# Project 4
The data for this project is real data provided to us by the HPI School of Design Thinking. You are given as input a table stored in CSV format in a file named ‘project4.csv’. This table has 321 rows and five columns. Each row corresponds
to a student and the columns are as follows:

< hash > < Sex > < Discipline > < Nationality > < Semester >

- The < hash > field contains a cryptographic hash of the student’s name (for privacy reasons).
- The sex field contains ‘m’ for male and ‘f’ for female.
- The Discipline field contains one of the following seven entries:
    ‘Business’, ‘Creative Disciplines’, ‘Engineering’, ‘Humanities’, ‘Life Sciences’, ‘Media’ or ‘Social Sciences’.
- The Nationality field contains one of 37 nationalities, depending on the selfreported nationality of the student.
- The Semester field contains the semester in which that student was enrolled. This is stored as a code that indicates the semester and year. For example, the students in Winter 2015 semester have WT-15 (for Winter Term), and the students enrolled in this semester have the code ST-17.

In [73]:
import imp
import numpy as np
import pandas as pd
import utils
from matplotlib import pyplot as plt
%matplotlib inline

students = pd.read_csv('project4.csv')

## Teaming 1 (Arbitrary teaming)

In [162]:
teaming1 = utils.process_semesters(students, utils.arbitrary_teaming)
utils.store_teaming(teaming1, "output/teaming1.out")

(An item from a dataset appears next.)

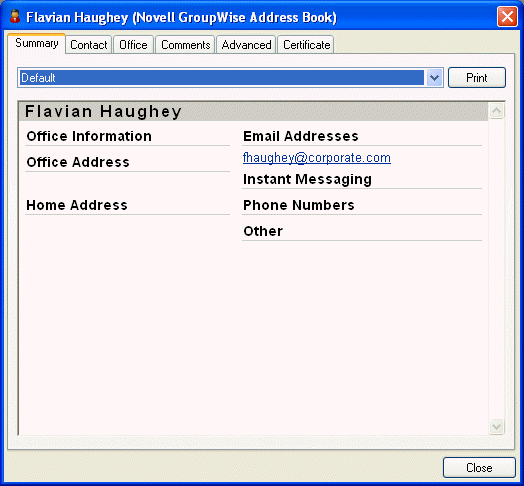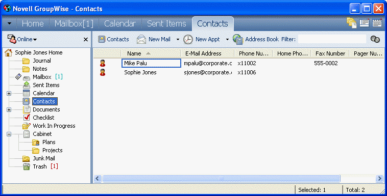 O Gerenciamento de Contatos do GroupWise permite acesso a contatos, grupos, recursos e organizações da pasta Contatos

## Teaming 2 (Intra-team diversity)

#### Defining the multi objective problem

In [170]:
def metric_gender_balance(team):
    k = len(team)
    assert k in (5,6), team
    men_share = sum(team['Sex'] == 'm') / k
    women_share = 1 - men_share
    opt_balance = np.ceil(k/2) * np.trunc(k/2) / k**2
    return 1 - men_share * women_share / opt_balance

def metric_discipline(team):
    k = len(team)
    occurences = team['Discipline'].value_counts()
    l2norm = np.sqrt((occurences**2).sum())
    return (l2norm - np.sqrt(k))/(k-np.sqrt(k))

def metric_nationality(team):
    k = len(team)
    occurences = team['Nationality'].value_counts()
    l2norm = np.sqrt((occurences**2).sum())
    return (l2norm - np.sqrt(k))/(k-np.sqrt(k))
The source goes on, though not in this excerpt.